Biographical details
- Born: June 25, 1928 Philadelphia, Pennsylvania, U.S.
- Died: December 7, 2013 (aged 85) Chadds Ford, Pennsylvania, U.S.

Playing career
- 1947–1950: Maryland
- Position: Back

Coaching career (HC unless noted)
- 1954: Tennessee (asst. freshman)
- 1955: Ottawa Rough Riders (backs)
- 1956–1958: Maryland (line)
- 1959–1961: Detroit (backs)
- 1962–1964: Detroit
- 1965: Tulane (OC)
- 1966–1969: Miami Dolphins (backs)
- 1970–1972: Baltimore Colts (off. backs)
- 1973–1976: Philadelphia Eagles (OC)
- 1977–1979: New York Jets (OC)
- 1980–1981: Baltimore Colts (off. backs)

Head coaching record
- Overall: 6–21–1

= John Idzik =

American football player and coach (1928–2013)

John Joseph Idzik Sr. (June 25, 1928 – December 7, 2013) was an American football player and coach. He was the head coach of the University of Detroit football team until the school discontinued its program in 1964. He held assistant coaching positions at the University of Tennessee, University of Maryland, Tulane University, in the National Football League (NFL) with the Miami Dolphins, Baltimore Colts, Philadelphia Eagles, New York Jets, and in the Canadian Football League (CFL) with the Ottawa Rough Riders. Idzik played college football at the University of Maryland.

==Early life and college==
Idzik, a native of Bridesburg in Philadelphia, Pennsylvania, attended Northeast Catholic High School, where the Philadelphia Daily News described him as "one of this city's top high school football players". After the 1945 season, he was selected as a first team All-Scholastic back by the Philadelphia Bulletin which honored the best high school players in the five-county area in and around Philadelphia. He was also voted to the Coaches All-Catholic League team in 1944 (2nd team) and 1945 (1st team). Idzik was also the catcher for North Catholic's City Championship baseball team of 1945. After graduating high school in 1946, he enrolled at the University of Maryland in 1947. Idzik played on the football team and was a four-year letterman as a back from 1947 to 1950. Idzik was also invited to play for the South squad in the third annual Mahi Shrine North-South College All-Star Football Classic, a charity game held on Christmas night at Orange Bowl Stadium in Miami. The 1951 yearbook, The Terrapin, described Idzik as a "backfield bulwark who was demon on defense—Could have starred on offense but was defensive necessity. Saved more touchdowns than most backs scored" He also played varsity baseball for the University of Maryland. He was a member of the Phi Delta Theta fraternity. Idzik graduated from Maryland in 1951 and went on to serve in the United States Marine Corps from 1951 to 1953.

==Coaching career==
In 1954, the University of Tennessee hired Idzik as an assistant football coach for its freshman team. Having played college football under Jim Tatum, Idzik was the split-T expert on the Tennessee staff. He resigned in February 1955 to take a job with the Ottawa Rough Riders in the Canadian Football League.

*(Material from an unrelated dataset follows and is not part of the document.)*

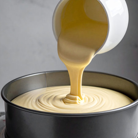 Smooth yellow batter flows from a white bowl into a dark grey springform baking pan.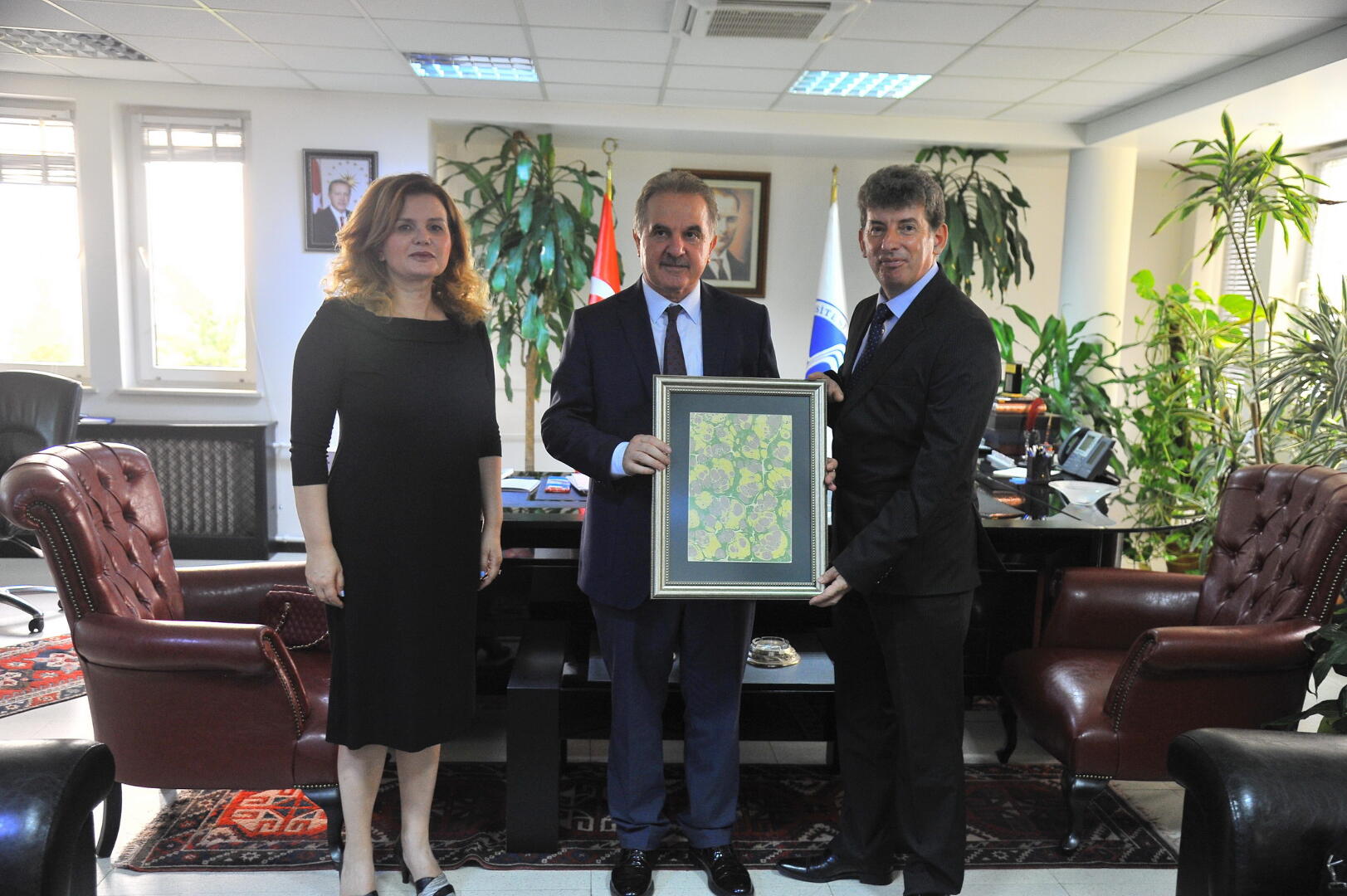 Makedonya Cumhuriyeti Yükseköğretim Kurulu Başkanı beraberindeki heyetle Sakarya Üniversitesi Rektörü Prof. Dr. Muzaffer Elmas’ı makamında ziyaret etti.

At Ottawa, he served as the backfield and top assistant coach under head coach Chan Caldwell. The two personalities clashed however, which resulted in Idzik's dismissal midseason in October. The disagreements, over play-calling and which players to dress, began after the first preseason game in early August and resulted in three meetings between the parties and the club management, the last of which was called at the request of the team's players. Idzik accepted payment of a year's salary of $7,000 upon his termination.

In January 1956, Idzik was hired as the line coach at his alma mater, to work under Tommy Mont, who had been promoted to head coach after Jim Tatum's departure. He served in that capacity for three seasons.

===Detroit===
After Maryland, Idzik moved on to take an assistant coaching position at the University of Detroit. He worked as backfield coach under Jim Miller for three seasons, until promoted to head coach in 1962. He replaced Miller who had resigned to take over at Boston College. As head coach, Detroit failed to achieve a winning season and Idzik amassed a record of 6-21-1.

At the time of his hiring, Detroit indicated that it might discontinue its football program if its gate receipts did not improve. After the 1964 season, the university terminated its sponsorship of the sport. Idzik sued the school for $15,000 in a breach of contract suit. Half of the requested amount consisted was for "services rendered" and the other half for damages. In July 1965, Idzik and the University of Detroit came to an agreement under which he was awarded $1,400.

He was then hired as the chief offensive coach at Tulane University. Idzik was considered a candidate for the Tulane head coach post after Tommy O'Boyle resigned, but the job ultimately went to Jim Pittman.

===NFL assistant coach===
Idzik then moved on to the National Football League, where he joined the staff of the Miami Dolphins as its backfield coach. He convinced the staff to select halfback Jim Kiick in the 1969 NFL/AFL draft. In contrast to some of the other staff members earlier assessments, Idzik said, "He's not slow. He has got good speed and power and balance and a good head on his shoulders." In 1967, Idzik was a frontrunner for the vacant head coaching job at his alma mater, which went instead to fellow alumnus Bob Ward.

In 1970, he was hired by the Baltimore Colts as its offensive backfield coach. He was on the staff that guided Baltimore to win Super Bowl V after the 1970 season. On December 20, 1972, Colts general manager Joe Thomas, who wanted "a new approach, a new look," dismissed the entire coaching staff including Idzik and interim head coach John Sandusky.

Idzik and Sandusky were subsequently hired as assistants by the Philadelphia Eagles in January 1973. After the Eagles posted a 4-10 record in 1976, Idzik resigned as offensive coordinator, as did defensive coordinator John Mazur.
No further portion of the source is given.